In this extension, we have incorporated a :code:`localReward` parameter into the yield statement, reflecting the system's preferences.
The :class:`BPEnv <bppy.gym.bp_env.BPEnv>` class implementation requires a b-program generator - a function that creates a new instance of the b-program and the list of program events.
The default observation space for the b-program within :class:`BPEnv <bppy.gym.bp_env.BPEnv>` is represented as a Cartesian product of the b-thread's execution points, classified as multi-discrete.
For developers seeking to tailor observation space to specific needs, alternative implementations can be created by extending the abstract class :class:`BPObservationSpace <bppy.gym.bp_observation_space.BPObservationSpace>`, which includes access to both the b-thread's execution point and its local variables.
The Reward computation at each state is determined through a function that receives the reward statements from all b-threads. The default approach calculates the total reward at each yield point by summing the individual rewards from all active b-threads.

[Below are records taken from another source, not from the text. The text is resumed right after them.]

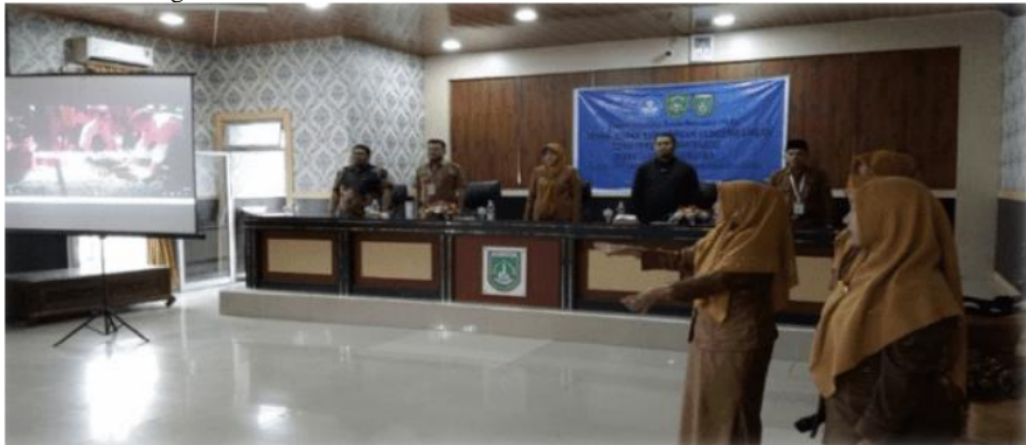
Gambar 2. Pembukaan

Pembukaan kegiatan pelatihan dan pengenalan media pembelajaran digital berbasis android ini dilaksanakan pada pukul 08.30 s.d 09.00. Kegiatan ini dibuka oleh MC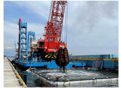
2022 大黒ふ頭岸壁改良工事 (その7)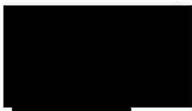
Boris Šlosar manažer specializovaného útvaru implementace transform. SPS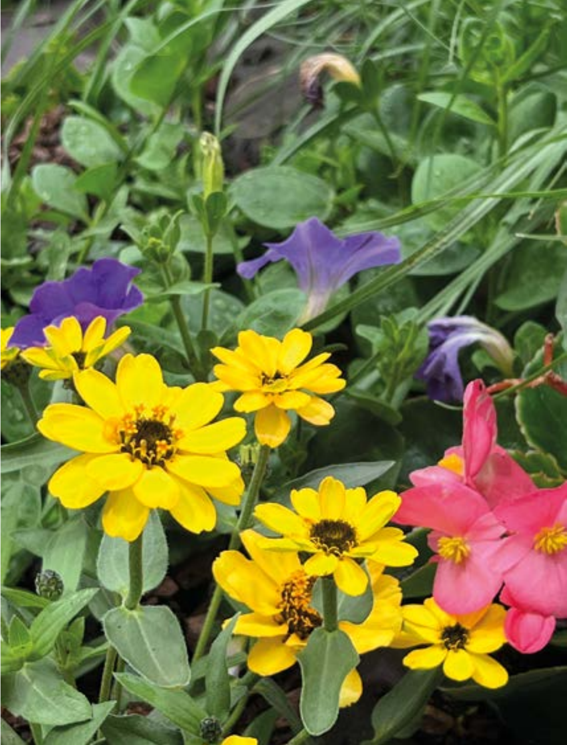
Koloreen eztanda. EKHI BELAR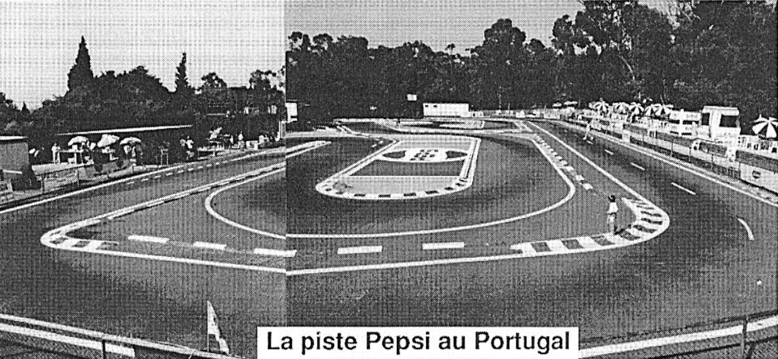
La piste Pepsi au Portugal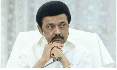
తమిళనాడు సీఎం 2లో.. స్టాలిన్ ఓటమి

.. literalinclude :: ../../examples/bp_gym_env.py

Note that not all events are necessarily considered actions.
This distinction enables discernment between controllable and uncontrollable program behaviors.
For instance, the following b-program implements the `frozen lake environment <https://gymnasium.farama.org/environments/toy_text/frozen_lake>`_:

.. literalinclude :: ../../examples/frozen_lake_env.py